Within the engineering community, there is now broad consensus - supported by numerous studies - that battery electric vehicles (BEVs) more than compensate for their initially higher CO₂ footprint during production over the course of their entire life cycle. At the same time, BEVs still exhibit limitations, based on today’s state of technology, particularly with regard to driving range and refueling times. Liquid fuels such as diesel or gasoline offer high energy density, can be supplied quickly via existing infrastructure, and enable ranges of several hundred kilometers within just a few minutes.

Against this backdrop, alternative technologies alongside battery-electric mobility are gaining importance. These include synthetic fuels (so-called e-fuels) as well as hydrogen. Hydrogen can be produced relatively efficiently via electrolysis using water as the base material. It can serve either as a feedstock for the production of synthetic fuels or as an energy carrier in fuel cell systems. In a fuel cell, electrical energy is generated through the reaction of hydrogen with oxygen. Alternatively, hydrogen can also be used directly in internal combustion engines, where it combusts according to principles similar to those of a spark-ignition engine. The resulting exhaust gas consists almost entirely of water.

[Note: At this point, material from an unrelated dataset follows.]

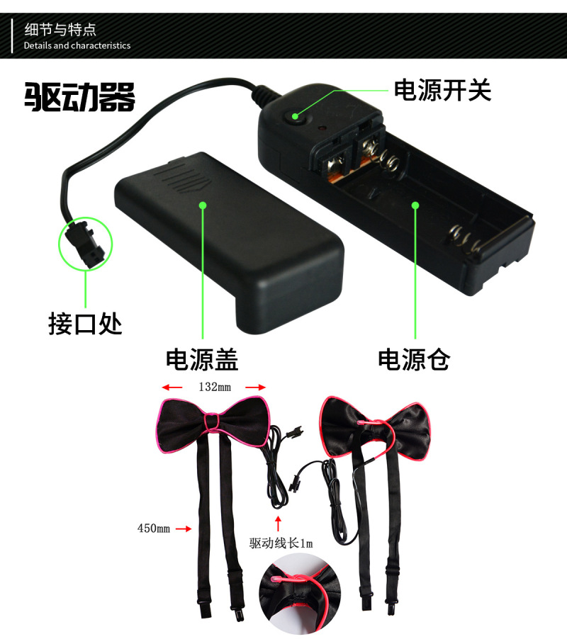 外贸专供冷光线el声控驱动器发光领结闪光领带

Each of these concepts presents its own technical and infrastructural challenges and is therefore not universally applicable. While the passenger car segment currently shows a clear development trend toward fully battery-electric powertrains, a variety of drivetrain concepts can be observed in the commercial vehicle sector, particularly for trucks and buses. Here, hydrogen combustion engines can represent a viable alternative, as parts of the existing infrastructure can continue to be utilized. In agricultural and off-highway applications, however, high energy demand and continuous power requirements meet limited charging or hydrogen infrastructure. As a result, major engine manufacturers are also advancing gas engine technologies.

IGEL has been involved in the development of hydrogen direct injection concepts as well as in engineering activities related to fuel cell systems. Drawing on our extensive experience in conventional internal combustion powertrains as well as electrified drivetrains, we understand the strengths and limitations of the various concepts and support our customers in identifying suitable solutions for their specific challenges.